EXERCISE BRIEF :: From the line containing "Chienne un peu" to the end of the records, print every line exactly, both ends included, and leave out the pictures.

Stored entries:
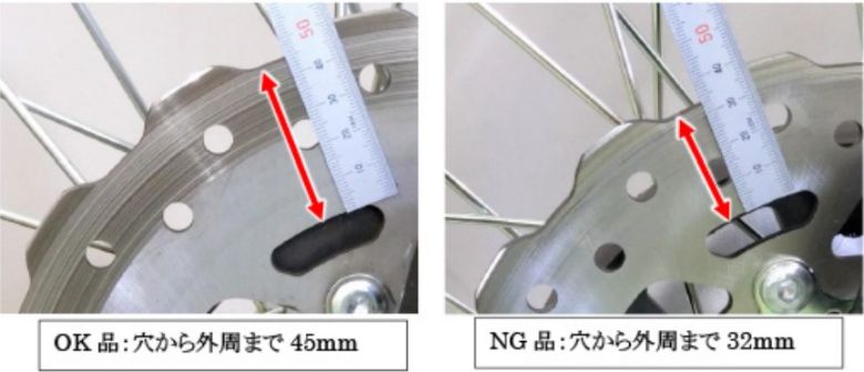 全車両、前輪のブレーキディスクを点検し、異品である場合はブレーキディスクを正規品に交換するとともに、ブレーキパッドも交換する。発見の動機 市場からの情報による。
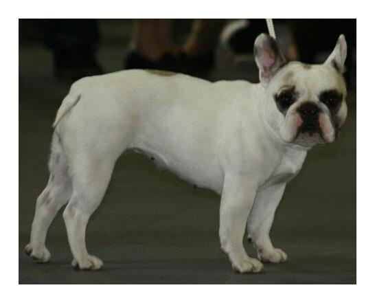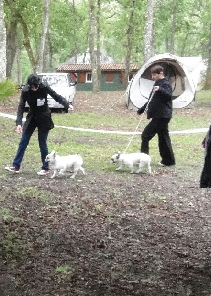 Chienne un peu légére presque toute blanche avec pigmentation bien foncé , téte correcte bien carré , cou long , bonne angulation, rein un peu long , mouvement correct .
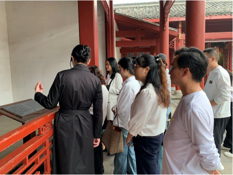 在解说员的解说下,历经风雨洗礼的岳阳楼让大家深刻体会到了历史的沧桑巨变,范仲淹的《岳阳楼记》反映的“先天下之忧而忧,后天下之乐而乐”的忧国忧民忧乐精神和“两袖清风”的廉政观让大家再次体会到中华文化的博大精深。当看到历代文人赞扬范仲淹的忧乐精神和廉政观的文言诗句时,大家亲身感悟忧乐精神的丰富内涵,被历经几千年不断的中华文化所蕴含的顽强的生命力所折服。
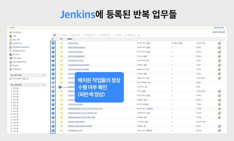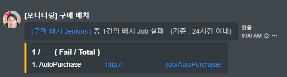 JAVA로 제작된 오픈소스(Continuous Integration) 툴인 Jenkins에 대량의 반복 업무들을 등록하면 정해놓은 시간이 되었을 때 각각의 작업들이 정상 수행되었는지 확인할 수 있습니다. 이 Jenkins를 잔디와 연동하여 각 작업들의 결과를 모니터링 할 수 있으며 이상 발견 시 아래와 같은 알람을 받게 됩니다.
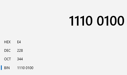 "中"这个字符的码点为U+4E2D,在U+0800~U+FFFF范围内,占用 3 字节。 - 十六进制转换成二进制

TASK RESPONSE ::
 Chienne un peu légére presque toute blanche avec pigmentation bien foncé , téte correcte bien carré , cou long , bonne angulation, rein un peu long , mouvement correct .
 在解说员的解说下,历经风雨洗礼的岳阳楼让大家深刻体会到了历史的沧桑巨变,范仲淹的《岳阳楼记》反映的“先天下之忧而忧,后天下之乐而乐”的忧国忧民忧乐精神和“两袖清风”的廉政观让大家再次体会到中华文化的博大精深。当看到历代文人赞扬范仲淹的忧乐精神和廉政观的文言诗句时,大家亲身感悟忧乐精神的丰富内涵,被历经几千年不断的中华文化所蕴含的顽强的生命力所折服。
 JAVA로 제작된 오픈소스(Continuous Integration) 툴인 Jenkins에 대량의 반복 업무들을 등록하면 정해놓은 시간이 되었을 때 각각의 작업들이 정상 수행되었는지 확인할 수 있습니다. 이 Jenkins를 잔디와 연동하여 각 작업들의 결과를 모니터링 할 수 있으며 이상 발견 시 아래와 같은 알람을 받게 됩니다.
 "中"这个字符的码点为U+4E2D,在U+0800~U+FFFF范围内,占用 3 字节。 - 十六进制转换成二进制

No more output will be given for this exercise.